Beginning with the line that has "اشتغال زایی |", write out each line down to the end of the records below exactly, and include no pictures.

Dataset records
··········

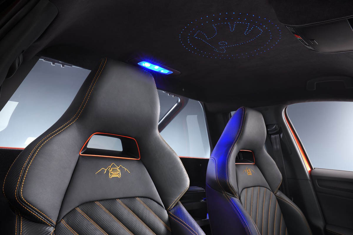 As in previous years’ Student Concept Cars, the apprentices demonstrated their inventiveness by including ingenious small details such as a glowing ŠKODA logo in the roof lining, designed by themselves, along with an integrated refrigerator, 3D-printed wheel hub ornaments and two walkie-talkies that are part of the vehicle. A very special feature created by this year’s class is the logo the students designed for the ŠKODA MOUNTIAQ: a car in front of a mountain silhouette. Embroidered in orange on the front seats’ backrests, it picks up the hue of the exterior paint finish as well as the colours of the orange highlights on the steering wheel and shift lever.
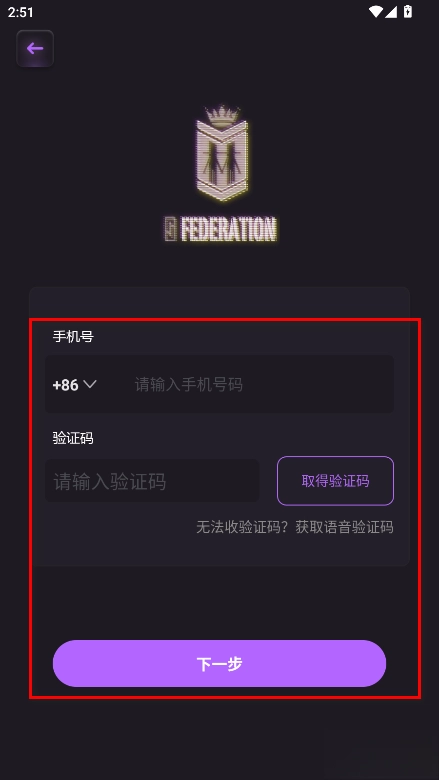 4.先输入手机号码和验证码,点击“下一步”后,再依据软件给出的提示完成注册操作就可以了。
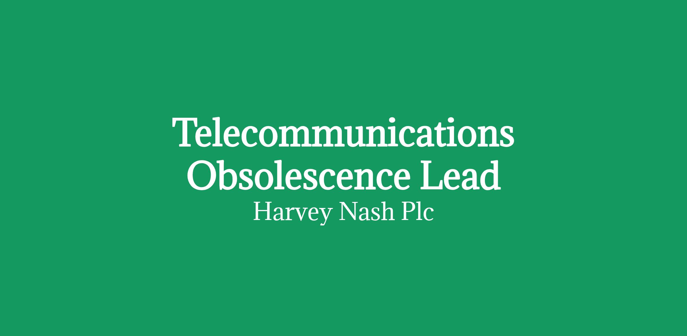 Harvey Nash is now inviting candidates to apply for the role of Telecommunications Obsolescence Lead, a 12-month contract role.
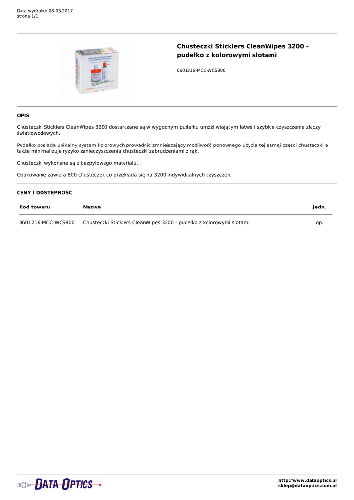 Data wydruku: 08-03-2017 strona 1/1 Chusteczki Sticklers CleanWipes 3200 pudełko z kolorowymi slotami 0601216-MCC-WCS800 OPIS Chusteczki Sticklers CleanWipes 3200 dostarczane są w wygodnym pudełku umożliwiającym łatwe i szybkie czyszczenie złączy światłowodowych. Pudełko posiada unikalny system kolorowych prowadnic zmniejszający możliwość ponownego użycia tej samej części chusteczki a także minimalizuje ryzyko zanieczyszczenia chusteczki zabrudzeniami z rąk. Chusteczki wykonane są z bezpyłowego materiału. Opakowanie zawiera 800 chusteczek co przekłada się na 3200 indywidualnych czyszczeń. CENY I DOSTĘPNOŚĆ Kod towaru Nazwa 0601216-MCC-WCS800 Chusteczki Sticklers CleanWipes 3200 - pudełko z kolorowymi slotami Jedn. op. http://www.dataoptics.pl [email protected] Powered by TCPDF (www.tcpdf.org)
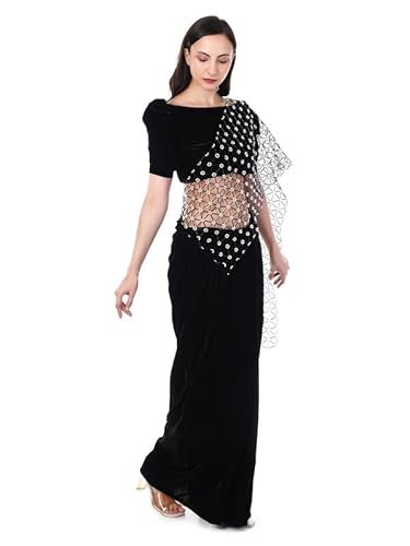FABBIT Women’s Velvet Designer Black Hand Bead Embroidery Pallu Elegant Ready Wear Saree
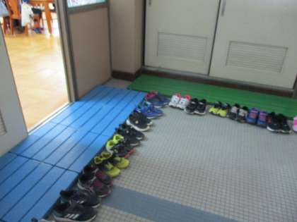 始業式前の集合時に,左右の靴がきっちりそろえている姿。
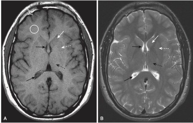 - Các chấm xuất huyết nhỏ có thể sáng trên hình ảnh T1w. (Trên một số chuỗi quét mới hơn, những chấm xuất huyết này có thể có màu sẫm.)
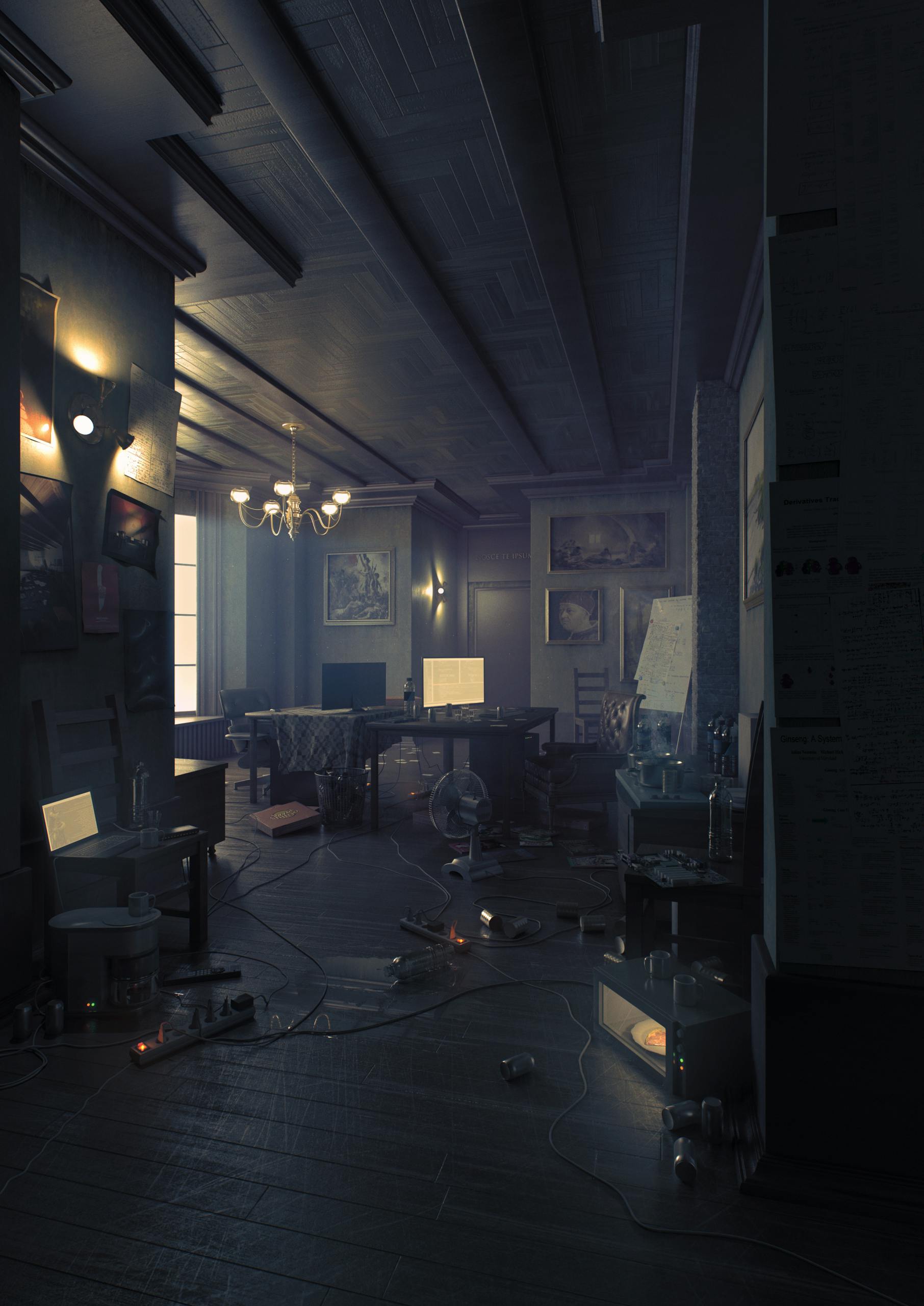 The room is so full of details. You see computers with their screens on, as if someone just left their work half done minutes ago and will be right back. There are cups left with coffee, half empty water bottles, beer or red bull cans, microwave with its light on and some food in, power strips (still on, too), messed up electric cords across the floor, notes and papers pasted on the wall, an electric fan. It’s just like one of our rooms that are filled with the most familiar everyday stuff. But it also looks so strange and unfamiliar, totally uninhabitable. The bad lightings, old chandeliers, old famous paintings like “Liberty Leading the People” hung on the over crowded wall. The floor seems to be dusty. And the familiar everyday stuff are more like debris. It’s like a dusty dream of things we know but entirely illogical.
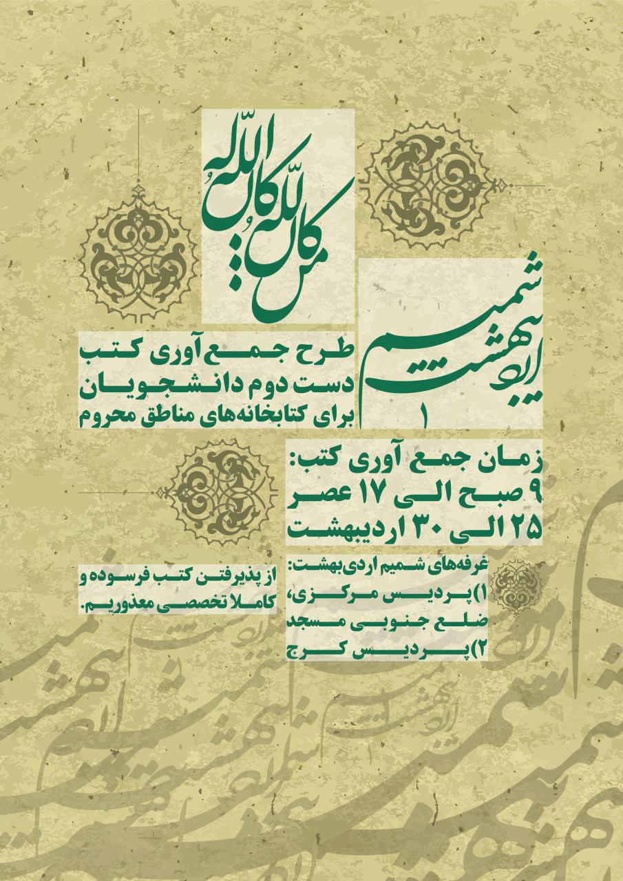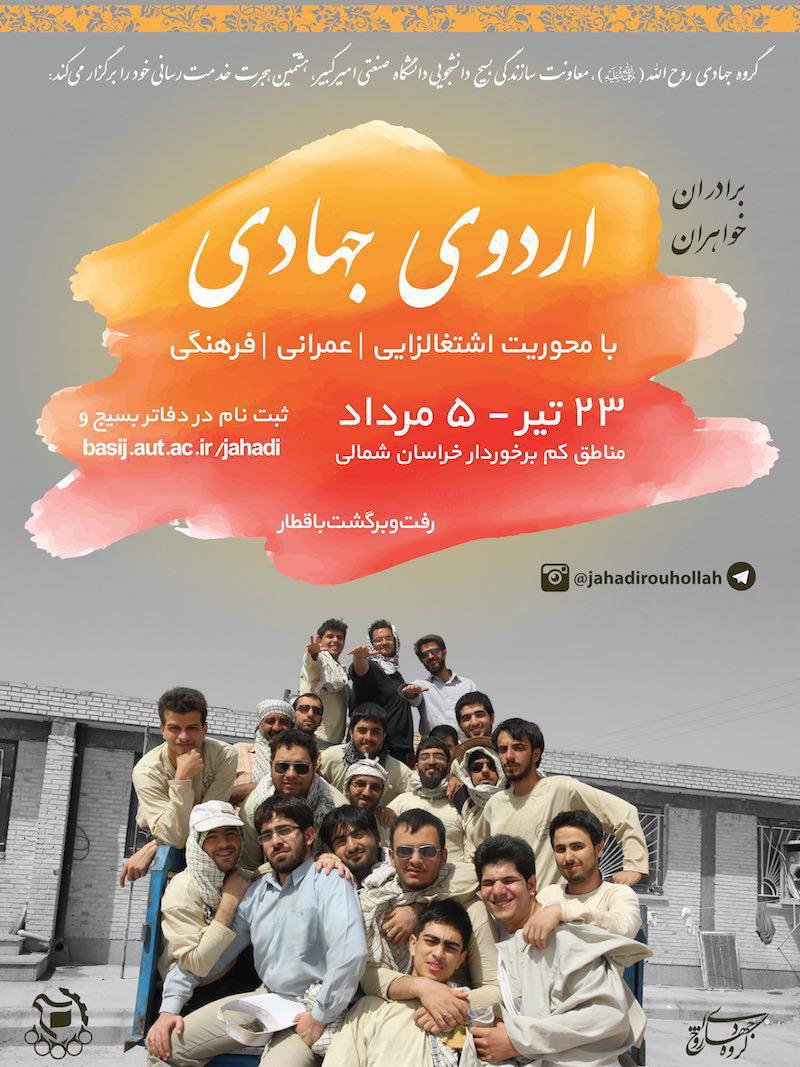 | 3 | دانشگاه صنعتی امیرکبیر/ گروه جهادی روح الله | 23 تیر | خراسان شمالی | فرهنگی، عمرانی، بهداشتی و اشتغال زایی |
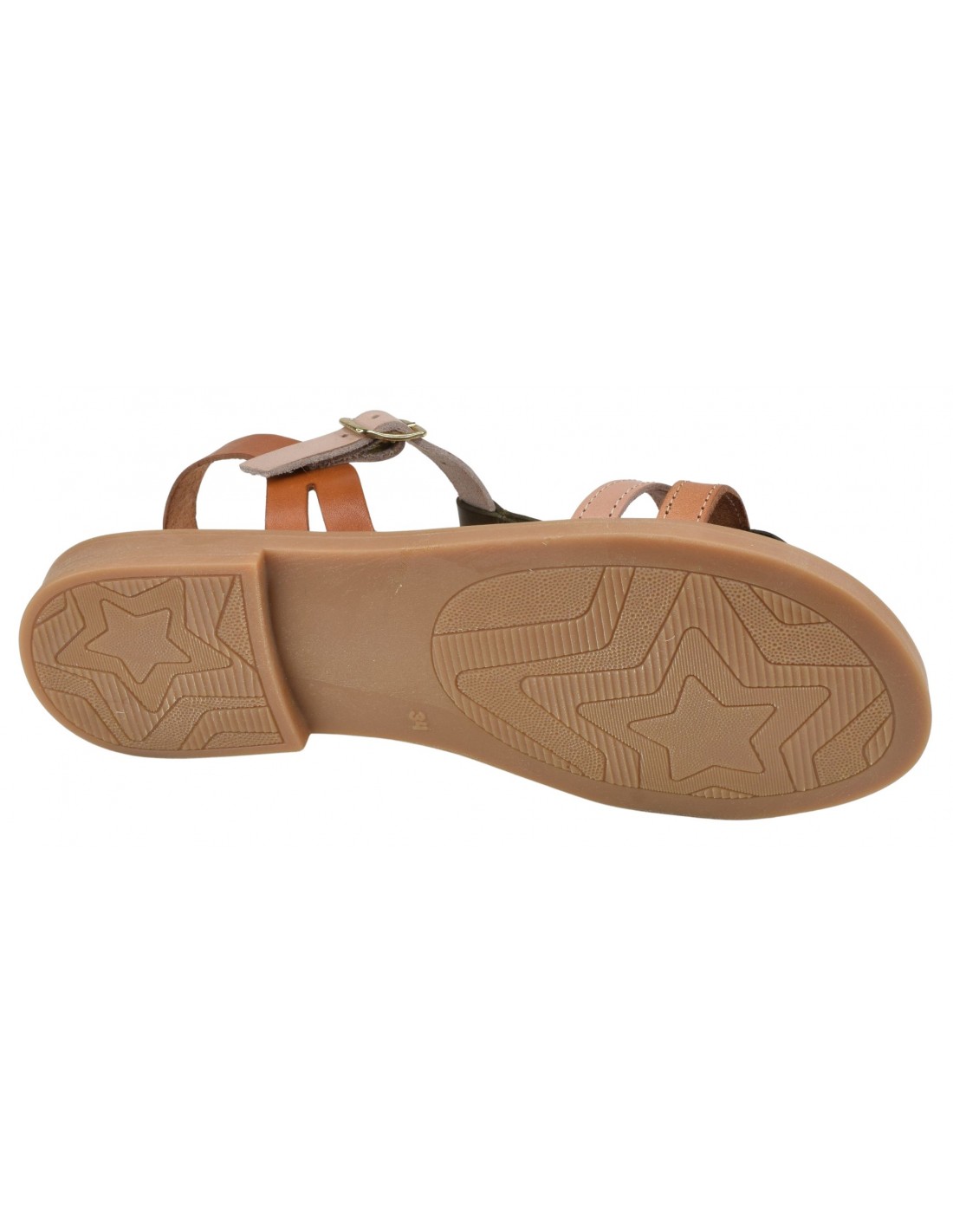Sandali piatti a piedi nudi, pelle tricolore, 17441, Carlita
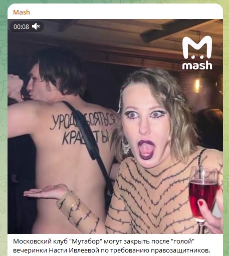 Речь идёт о вечеринке в ночном клубе "Мутабор". На фото и видео с мероприятия видно, что его участники распивают алкоголь и отплясывают в полуобнажённом виде. Один из гостей и вовсе появился на празднике в одном носке, надетом на половой орган.
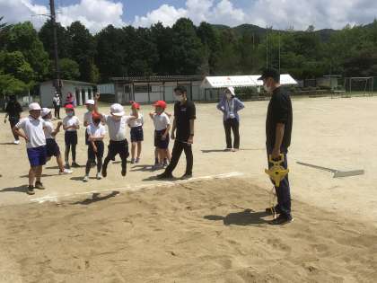5/24 体力テストを行いました(全校 体育) 立ち幅跳び 公開日 2022/05/24 更新日 2022/05/24 お知らせ 立ち幅跳びでは水平方向に跳ぶパワーが要求されます。主に使うのは下半身の筋肉ですが、腕も振りながら体をうまく使って効率よくパワーを引き出すことも必要です。 3年生以上については、後日、長座体前屈や反復横跳び(5・6年生は、更に握力、上体起こし、20mシャトルラン)の測定を行います。
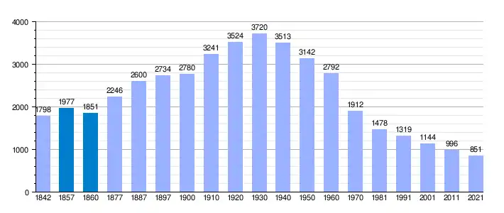 Aunque llegó a tener más de 3000 habitantes según algunos historiadores y demógrafos, sufrió una emigración en los años 1960 tan grande como el éxodo que sufren en la actualidad los pueblos pequeños hacia las grandes ciudades, por lo que su media de edad es muy alta, es decir, con pirámide poblacional invertida. En 2016 era de 934 habitantes según el INE.[5] lo que da buena muestra del éxodo antes citado.[6]
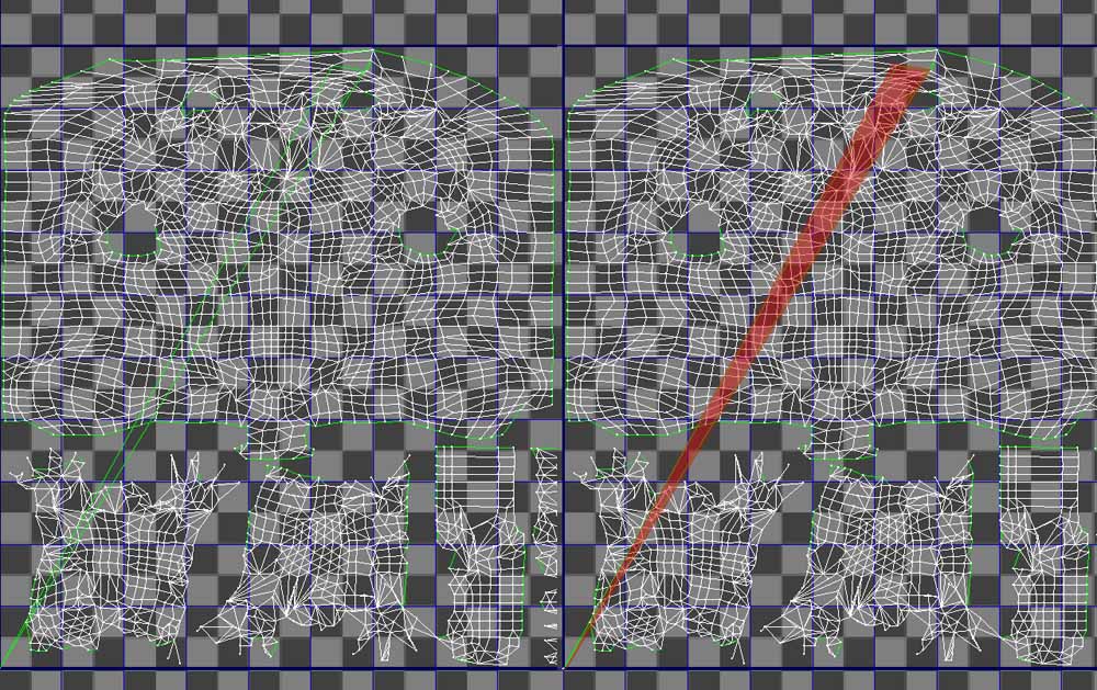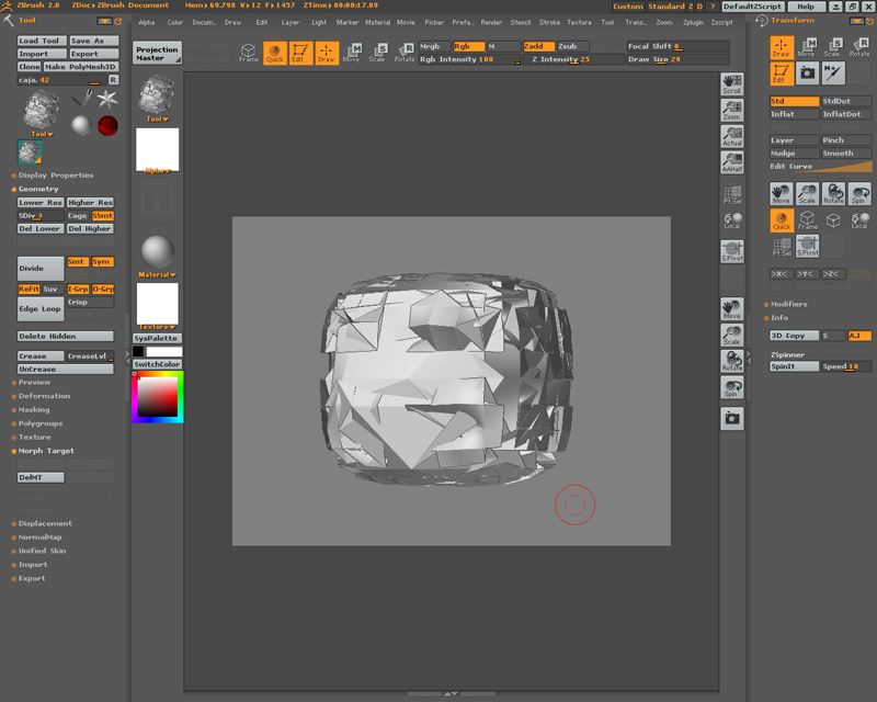 7. Select Smooth tool max out the size and strength and Smooth over the whole frame. This Will only move the polys bak todo their home, everything else should still be masked of.

··········

Answer for this exercise ▸
 | 3 | دانشگاه صنعتی امیرکبیر/ گروه جهادی روح الله | 23 تیر | خراسان شمالی | فرهنگی، عمرانی، بهداشتی و اشتغال زایی |
Sandali piatti a piedi nudi, pelle tricolore, 17441, Carlita
 Речь идёт о вечеринке в ночном клубе "Мутабор". На фото и видео с мероприятия видно, что его участники распивают алкоголь и отплясывают в полуобнажённом виде. Один из гостей и вовсе появился на празднике в одном носке, надетом на половой орган.
5/24 体力テストを行いました(全校 体育) 立ち幅跳び 公開日 2022/05/24 更新日 2022/05/24 お知らせ 立ち幅跳びでは水平方向に跳ぶパワーが要求されます。主に使うのは下半身の筋肉ですが、腕も振りながら体をうまく使って効率よくパワーを引き出すことも必要です。 3年生以上については、後日、長座体前屈や反復横跳び(5・6年生は、更に握力、上体起こし、20mシャトルラン)の測定を行います。
 Aunque llegó a tener más de 3000 habitantes según algunos historiadores y demógrafos, sufrió una emigración en los años 1960 tan grande como el éxodo que sufren en la actualidad los pueblos pequeños hacia las grandes ciudades, por lo que su media de edad es muy alta, es decir, con pirámide poblacional invertida. En 2016 era de 934 habitantes según el INE.[5] lo que da buena muestra del éxodo antes citado.[6]
 7. Select Smooth tool max out the size and strength and Smooth over the whole frame. This Will only move the polys bak todo their home, everything else should still be masked of.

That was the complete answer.